Il y a quelques jours, l’enquête mensuelle de la Fed de New York auprès des ménages signalait qu’ils avaient encore revu fortement en hausse leurs attentes d’inflation durant l’été. Nous avons vu passer des commentaires affirmant que cela prouvait que le sursaut d’inflation n’avait rien de transitoire, que la Fed avait tort d’être si tolérante et Joe Biden de vouloir stimuler davantage l’économie, blablabla. La réalité est plus nuancée. Considérons toutes les données disponibles (tableau). Que constate-t-on?

 

US : mesures des anticipations d’inflation
US : mesures des anticipations d’inflation

Le mouvement des anticipations d’inflation est haussier depuis un an, c’est indéniable. Leur niveau médian se situe environ 0.5 point au-dessus de la moyenne de la dernière décennie. Un tel écart se situe dans la zone de tolérance de la banque centrale, surtout après la révision de stratégie adoptée l’an dernier. Pour rappel, la Fed vise une inflation plus haute que sa cible pour compenser les écarts négatifs du passé. Cela posé, il y a des différences d’anticipation selon les agents et surtout selon l’horizon.

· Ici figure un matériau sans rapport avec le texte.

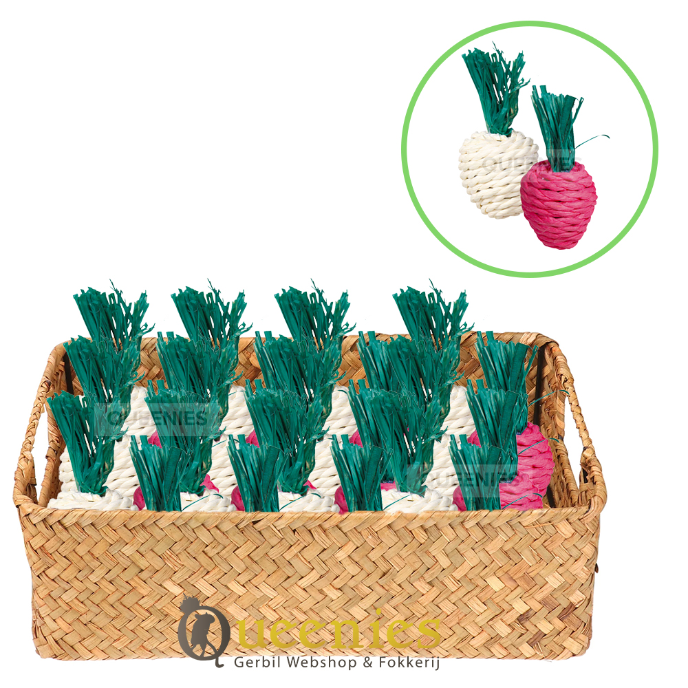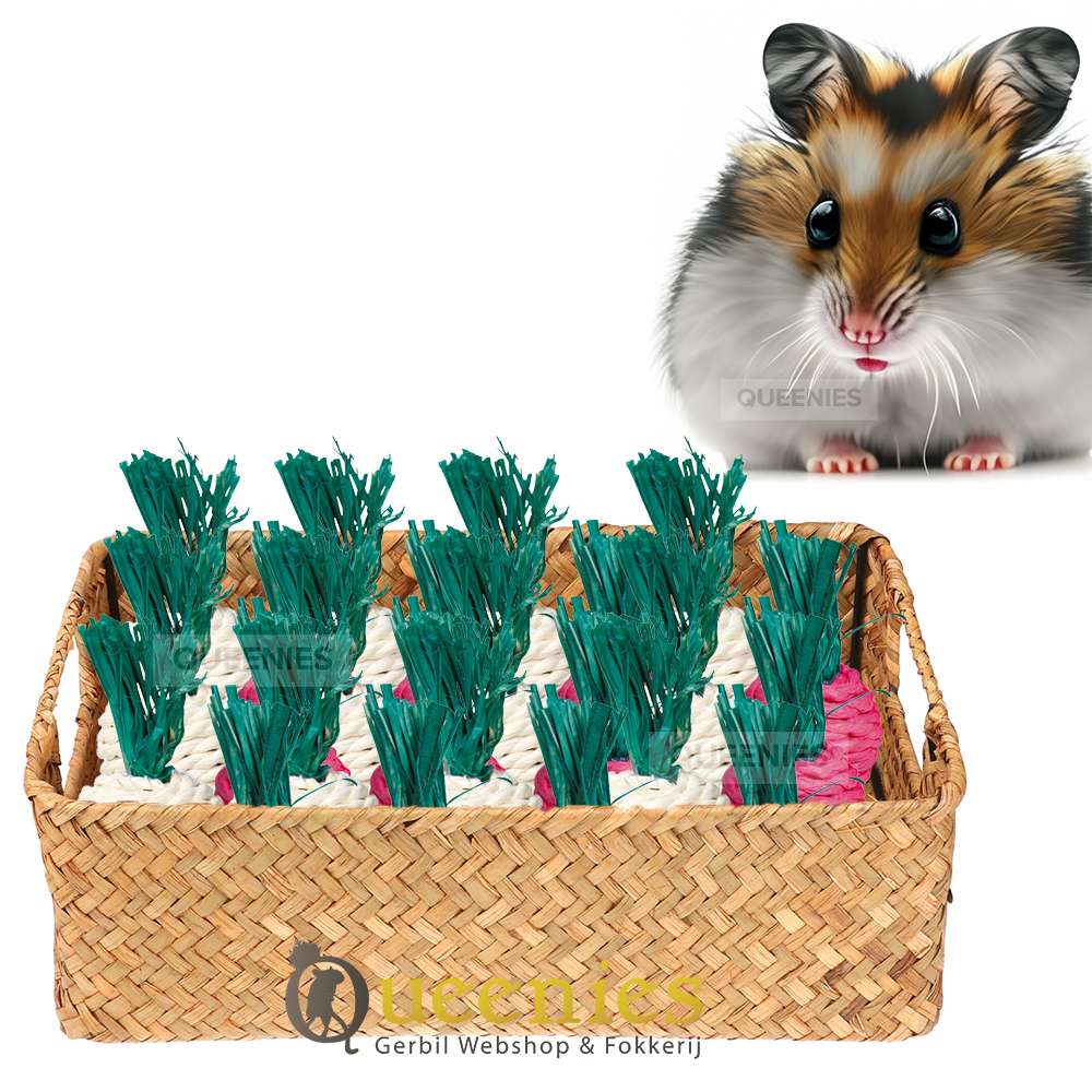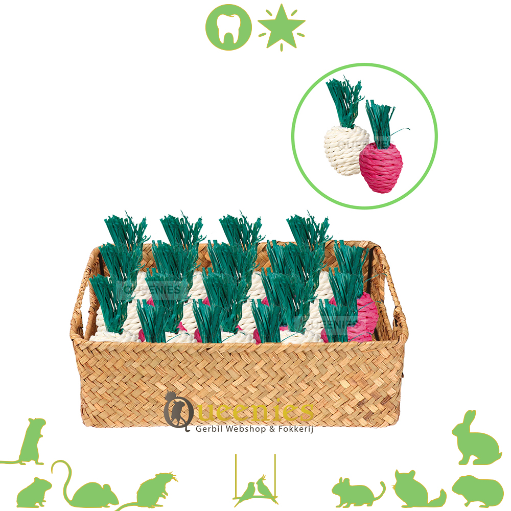 Wat ook erg fijn is aan het Bieten Knaag Speelgoed, is dat het volledig van veilige materialen is gemaakt voor Knaagdieren en Konijnen. Stro is een materiaal wat vaak terugkomt in speelgoed voor Gerbils en Hamsters. Dit komt omdat Stro goed is voor de tandverzorging bij Gerbils en andere Knaagdieren. Voor Gerbils, Hamsters, Muizen of andere dieren is het erg belangrijk om variatie aan te bieden in het speelgoed wat in het Terrarium / Gerbilarium ligt. Niet alleen ziet het Bieten Knaag Speelgoed er leuk uit, maar het biedt ook meerdere mogelijkheden om er mee te spelen. Konijnen en Cavia’s gooien het bijvoorbeeld in de lucht of gaan ermee aan de wandel in hun bekkie. Terwijl kleinere Knaagdieren zoals Hamsters en Gerbils het leuker vinden om aan het speelgoed te knagen. Daarom is het Bieten Knaag Speelgoed een hele goede toevoeging aan de speelgoed verzameling van Knaagdieren en Konijnen. Het is leuk voor klein en groot!

La hausse est plus marquée à court terme qu’à long terme, ce qui vient à l’appui du scénario d’une bosse d’inflation (on aurait atteint le plateau). Les anticipations de court terme sont fortement corrélées à l’inflation récente. La révision des anticipations est bien plus forte dans les enquêtes auprès des entreprises, qui sont exposées aux perturbations en amont de la chaîne des prix, que pour les autres agents. Cela confirme un fait bien établi par l’expérience, à savoir que la répercussion du PPI sur le CPI est très imparfaite et, dans tous les cas, étalée dans le temps. Il est notable qu’après une poussée au S1 2021, les anticipations extraites des outils de couverture (swap, TIPS) sont désormais stabilisées. En l’absence de diffusion des tensions à l’ensemble du CPI, la Fed peut rester sereine.

Economie

En août, pour la première fois depuis le début de l’année, l’indice CPI est ressorti un peu au-dessous des attentes, à 5.3% sur un an, en léger repli par rapport aux résultats de juin et de juillet (5.4%). Comme l’inflation énergétique reste forte, le ralentissement est un peu plus franc sur l’indice sous-jacent, qui passe de 4.3% à 4.0% sur un an. Le prix des véhicules d’occasion, l’un de plus gros contributeurs à la poussée d’inflation au S1 2021, a baissé (-1.5% m/m), ce qui ramène sa hausse annuelle à +32% vs 45% au pic de juin. Sur longue période, ce prix évolue sans aucune tendance (+0.0% m/m) et, si tel devait être à nouveau le cas jusqu’au printemps prochain, cela retirerait près de 1.5 point à l’inflation totale.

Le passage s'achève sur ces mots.